Saving >70% on cloud costs by maintaining reliability

In continuation of my previous post on CTO <> SRE series (thanks to all of you it received much more appreciated than I had anticipated). In this post, we’re going to discuss a real-life scenario that is further going to reduce the costs significantly.

Your startup is going through a hyper-growth phase. And you’re forced to reduce the cloud costs. Most of the common strategies don’t seem to help.

You came up with a wise insight and managed to reduce the cloud infra costs by more than 70% while maintaining the same reliability and improved overall performance.

Context

Your complete infrastructure runs on AWS, and scale is growing at a really fast pace, which led to a multi-fold increase in cloud costs month-on-month.

The cost is evenly distributed across bandwidth, computing, storage, etc. The engineering team has managed to run everything in a well-optimized manner, leading to no obvious optimization in the existing setup.

Your Observations

After reviewing the infrastructure, you realized spot(pre-emptive) instances are already being used wherever possible, so that is already out of scope.

Since there’s no way to reduce the ever-increasing costs, you should find an out-of-the-box solution.

The primary concern seems to be a dependency on cloud infrastructure.

You recall attending an SRE conference where migrating to bare-metal servers (managed by 3rd parties like IONOS, Hetzner, or any other local solution provider) might lead to significant cost savings.

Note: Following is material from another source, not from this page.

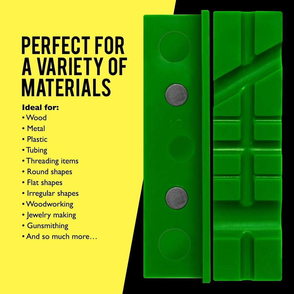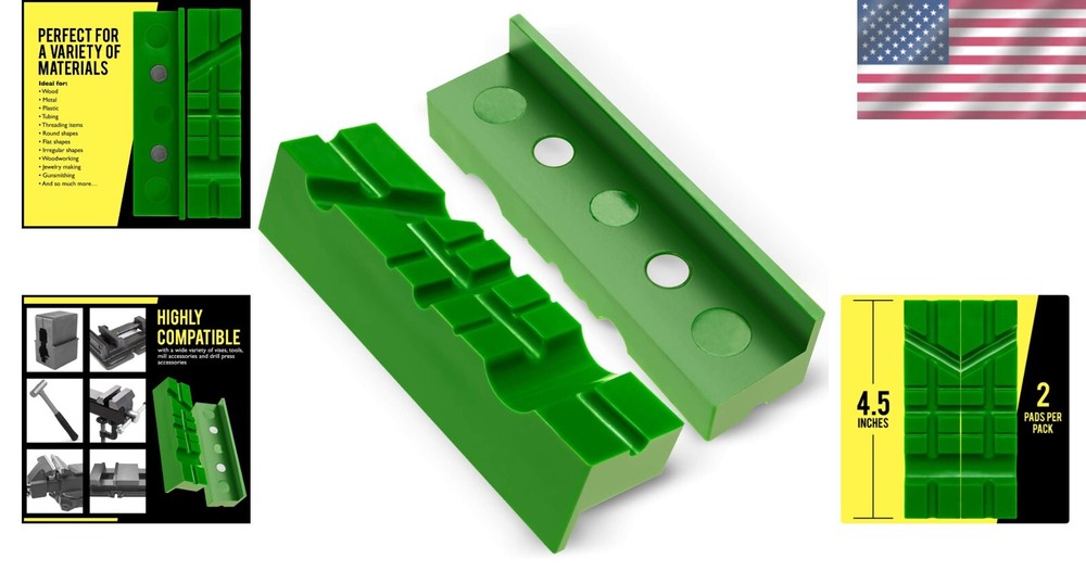 4.5 Inch Magnetic Soft Jaws - Versatile Vice Jaw Pads for Wood and Metal Work ‹ › ‹ › ‹ › ‹ › ‹ › ‹ › ‹ › ‹ › ‹ › ‹ › 4.5 Inch Magnetic Soft Jaws Versatile Vice Jaw Pads for Wood and Metal Work Product Highlights: Ideal For A Variety Of Materials: Perfect for holding wood, metal, plastic, tubing, and threaded items. Whether it's round, flat, or irregular, these vise pads can handle it all. Highly Compatible: Our soft jaws fit a wide range of vises, including drill press, bench vise, and more, making them ideal for woodworking, jewelry making, gunsmithing, and various DIY projects. Built To Last And Built To Protect: Constructed from thermoplastic polyurethane (TPU) rubber, these pads are designed to hold items securely while safeguarding delicate surfaces from damage. Unique Multi-Groove Design: Featuring multiple holding slots with 90 degree angles for widths of approximately 1/16", 1/8", 1/4", and 3/4", alongside a 60 degree angle for widths around 13/32" to ensure optimal grip. Magnetic Inserts For Broad Compatibility: Embedded magnets ensure the vice jaws stay securely in place, while the versatile 4.5-inch length fits a variety of vise sizes. Includes one complete set of vise jaw pads (2 pads). Why Choose Our Magnetic Soft Jaws? If you're seeking reliable and adaptable accessories for your workshop, look no further than our 4.5 Inch Magnetic Soft Jaws. These versatile vice jaw pads not only promise durability but also offer protection for your prized possessions, ensuring that every project is executed flawlessly. From novice crafters to seasoned professionals, these jaw pads enhance precision and elevate every task to an art form. Invest in quality, safeguard your projects, and experience the ultimate in versatility—order your set of Magnetic Soft Jaws today! Shipping Free & Fast Shipping - We offer free shipping to most of the USA with a normal delivery time of 3-7 days. However, due to the current situation, additional delivery time (up to 3 weeks) may be required for some items. Alternative Carriers - We may use alternative carriers (e.g. USPS, FedEx, UPS, etc.) to ensure your package arrives safely and on time. Due to the use of multiple carriers, we are unable to provide a tracking number automatically. Handling Time - Orders are processed and shipped within 1-2 business days of receiving cleared payment. Shipping Restrictions - Shipping to Alaska, Hawaii, Puerto Rico, Guam, and other US territories may incur shipping charges or delivery restrictions. Please contact us before ordering, or your order can be refunded/cancelled. State Restrictions - There may be restrictions based on your state of purchase. For example, certain items may not be shipped to California due to state regulations. Contact for Tracking Updates - If you require tracking updates or have any concerns about the delivery of your order, please feel free to contact us, and we will be happy to assist you. Return 30-Day Hassle-Free Returns - We want you to be completely satisfied with your purchase. If you are not, you can return the item within 30 days of receiving it for a full refund or exchange. Easy Return Process - To start a return, simply contact us and we will provide you with a prepaid return shipping label and detailed instructions. Restocking Fee - There are no restocking fees for returns. However, the buyer is responsible for return shipping costs if the return is not due to a seller's error. Refund Processing Time - Refunds will be processed within 5 business days of receiving the returned item in its condition. Payment We accept all major credit cards, PayPal, and Apple Pay for your convenience. Your payment information is secure and encrypted to ensure a safe and seamless transaction. Please complete your payment within 3 days of purchase to avoid any delays in shipping. Feedback Your feedback is extremely important to us. We strive to provide the best products and customer service possible. If you are satisfied with your purchase, please take a moment to leave us a positive review. If you have any concerns or issues with your order, please contact us before leaving negative feedback. We are committed to resolving any problems and ensuring your satisfaction. Contact Us If you have any questions or concerns, please feel free to out to our customer support team. You can contact us through the eBay messaging system. We are available Monday to Friday, 9:00 am to 5:00 pm EST, and we will do our best to respond to your inquiry within 24 hours. Buy it now and enjoy a pleasant shopping experience! Model: Vice Jaw Pads Item Width: Vice Jaw Pads Item Length: Vice Jaw Pads Item Height: Vice Jaw Pads Item Diameter: 4.5 in Item Weight: 5.9 oz Unit Quantity: 1 Material: TPU,TPU rubber Type: Vice Jaw Pads Number of Pieces: 2 Size: 4.5 in Jaw Size: 4.5 in Color: Green Unit Type: oz

However, moving out of the cloud might impact reliability and even complete loss of data.

You share your thought process with the CTO, and while finishing, a clever idea strikes.

What if you leverage a hybrid approach

Migrate out of the cloud to bare metal service providers Only run the read-replicas on AWS, to leverage reliability (only ingress will have negligible bandwidth costs)

The idea looks convincing, and the CTO highlights their long-term concern about being vendor-locked will also be resolved.

Also, the team was already leveraging automated playbooks (recall kubernetes?) for server setup, so efforts for the migration turned out to be almost negligible.

Over a couple of weeks, after tie-ups with multiple vendors, you manage to migrate all the services and traffic gradually.

Learnings

There’s no need to get deciphered by hyper-scale cloud providers, and their reliability claims, and pay ~10-100x costs for everything. Also, you don’t need to manage the overhead of on-prem VMs while moving out of the cloud.

Bare metal VMs yield 10-50x better performance, because of no virtualization overhead.

It’s wise to put engineering efforts toward automating server setup playbooks and have the least dependency on cloud-providers workflows.